| BRIEF |
Both ends included, restate word for word the lines from the first line of the listing through the line containing "so you know". Leave the pictures out.

BEGIN

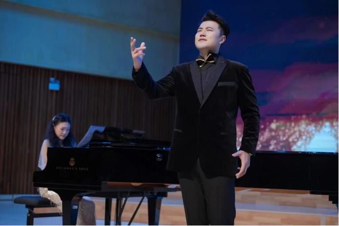 此外,我院声乐专职教师、低男中音雷泽宇博士也登台献唱,与杨曦婷副院长联袂的《依恋时间》用深情而富有感染力的歌声打动了在场每一位观众,展现了学院教师扎实的专业素养与人文关怀。
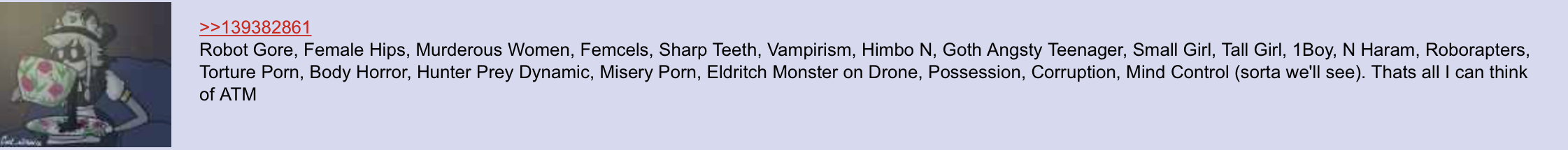 >>263850 >>263851 There was some psycho on /co/ once who really hated Alice and kept spamming harassment and kys-variations (for the better part of a month iirc) whenever I posted, this started after there was some discussion about the US civilwar in the thread and I figure this set him off. Idk how many people were here back then but here's an example, the sperg's Final crashout was in response to this: https://desuarchive.org/co/thread/143180951/#q143186445 Interestingly enough it stopped immediately after people noticed. Idk if the nigger is still among us. If there are any spergouts or attempts to start shit, it's likely politically motivated again since the spammer seems to be of the type that gets offended over stuff like I explained in 606. Just so you know
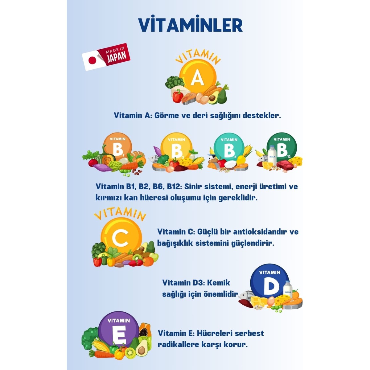 2. Vitaminler: Vitamin B1, B2, B6, B12 , C, D3, E, K3, Nikotinik Asit (B3), Pantotenik Asit (B5), Biyotin (B7 Vitamini), Kolin ve Folik Asit
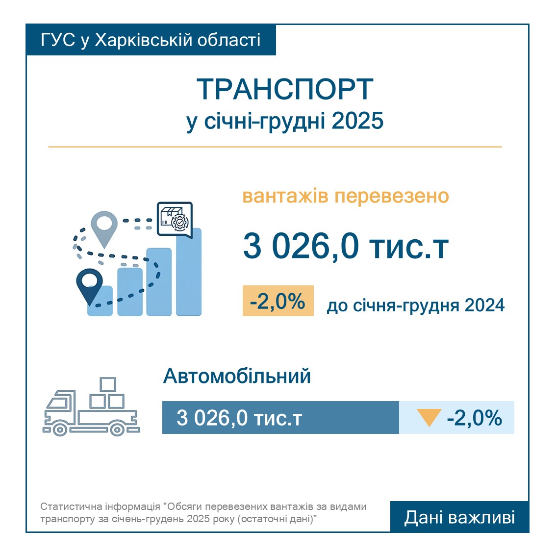 Окремо статистики оприлюднили помісячні показники вантажообігу за 2025 рік та січень 2026-го. Дані демонструють значне падіння в червні 2025 року — зі 104 у січні до 98,6 у червні. У наступні місяці показники коливалися на рівні 97–99, а в грудні відновилися до 100,9. Січень 2026 року показав 102,1 — це на 1,9% менше, ніж у січні 2025-го (104).
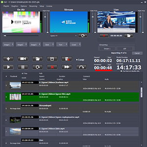 • Le permite insertar eventos en vivo a su playlist, así como grabar la señal en vivo en alta calidad en MP4. Para capturar las señales en vivo se requiere tarjeta Blackmagic Design que permite captura.Para capturar las señales en vivo se requiere una tarjeta Blackmagic Design que permite captura por SDI o HDMI. También soportamos captura por USB (por ejemplo, webcams) y por NDI.

END

| PROBLEM SOLUTION |
 此外,我院声乐专职教师、低男中音雷泽宇博士也登台献唱,与杨曦婷副院长联袂的《依恋时间》用深情而富有感染力的歌声打动了在场每一位观众,展现了学院教师扎实的专业素养与人文关怀。
 >>263850 >>263851 There was some psycho on /co/ once who really hated Alice and kept spamming harassment and kys-variations (for the better part of a month iirc) whenever I posted, this started after there was some discussion about the US civilwar in the thread and I figure this set him off. Idk how many people were here back then but here's an example, the sperg's Final crashout was in response to this: https://desuarchive.org/co/thread/143180951/#q143186445 Interestingly enough it stopped immediately after people noticed. Idk if the nigger is still among us. If there are any spergouts or attempts to start shit, it's likely politically motivated again since the spammer seems to be of the type that gets offended over stuff like I explained in 606. Just so you know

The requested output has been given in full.